-- DATASET RECORDS follows --

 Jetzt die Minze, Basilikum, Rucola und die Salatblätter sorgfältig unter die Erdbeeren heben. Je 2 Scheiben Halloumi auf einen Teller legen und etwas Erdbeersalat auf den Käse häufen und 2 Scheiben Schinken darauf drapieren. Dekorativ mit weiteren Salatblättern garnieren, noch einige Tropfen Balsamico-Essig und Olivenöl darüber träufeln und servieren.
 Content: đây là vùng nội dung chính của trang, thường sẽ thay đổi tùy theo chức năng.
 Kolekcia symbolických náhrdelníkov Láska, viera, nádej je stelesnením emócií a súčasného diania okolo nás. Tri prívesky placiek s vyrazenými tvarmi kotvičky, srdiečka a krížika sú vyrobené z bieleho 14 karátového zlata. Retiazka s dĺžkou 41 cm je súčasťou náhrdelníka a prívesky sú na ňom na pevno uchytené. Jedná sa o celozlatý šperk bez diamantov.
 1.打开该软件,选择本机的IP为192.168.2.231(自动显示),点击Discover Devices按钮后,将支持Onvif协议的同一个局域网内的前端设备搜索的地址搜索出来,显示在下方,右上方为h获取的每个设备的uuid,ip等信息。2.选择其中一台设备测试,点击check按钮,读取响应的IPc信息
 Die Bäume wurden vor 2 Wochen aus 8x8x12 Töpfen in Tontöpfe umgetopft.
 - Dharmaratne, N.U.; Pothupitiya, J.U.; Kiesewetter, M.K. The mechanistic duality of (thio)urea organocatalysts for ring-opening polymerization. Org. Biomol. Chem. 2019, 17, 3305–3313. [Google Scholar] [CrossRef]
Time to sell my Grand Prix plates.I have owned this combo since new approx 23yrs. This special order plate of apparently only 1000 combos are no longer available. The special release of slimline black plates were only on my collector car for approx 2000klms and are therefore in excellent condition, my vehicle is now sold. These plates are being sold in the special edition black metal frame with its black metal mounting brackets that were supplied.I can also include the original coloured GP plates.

-- DATASET RECORDS concluded --

*TASK PROMPT*: Give only the lines from the one holding "Kolekcia symbolických náhrdelníkov" through the one holding "- Dharmaratne, N.U.;", each restated exactly as it appears above.

*SOLUTION FOR THIS EXERCISE*:
 Kolekcia symbolických náhrdelníkov Láska, viera, nádej je stelesnením emócií a súčasného diania okolo nás. Tri prívesky placiek s vyrazenými tvarmi kotvičky, srdiečka a krížika sú vyrobené z bieleho 14 karátového zlata. Retiazka s dĺžkou 41 cm je súčasťou náhrdelníka a prívesky sú na ňom na pevno uchytené. Jedná sa o celozlatý šperk bez diamantov.
 1.打开该软件,选择本机的IP为192.168.2.231(自动显示),点击Discover Devices按钮后,将支持Onvif协议的同一个局域网内的前端设备搜索的地址搜索出来,显示在下方,右上方为h获取的每个设备的uuid,ip等信息。2.选择其中一台设备测试,点击check按钮,读取响应的IPc信息
 Die Bäume wurden vor 2 Wochen aus 8x8x12 Töpfen in Tontöpfe umgetopft.
 - Dharmaratne, N.U.; Pothupitiya, J.U.; Kiesewetter, M.K. The mechanistic duality of (thio)urea organocatalysts for ring-opening polymerization. Org. Biomol. Chem. 2019, 17, 3305–3313. [Google Scholar] [CrossRef]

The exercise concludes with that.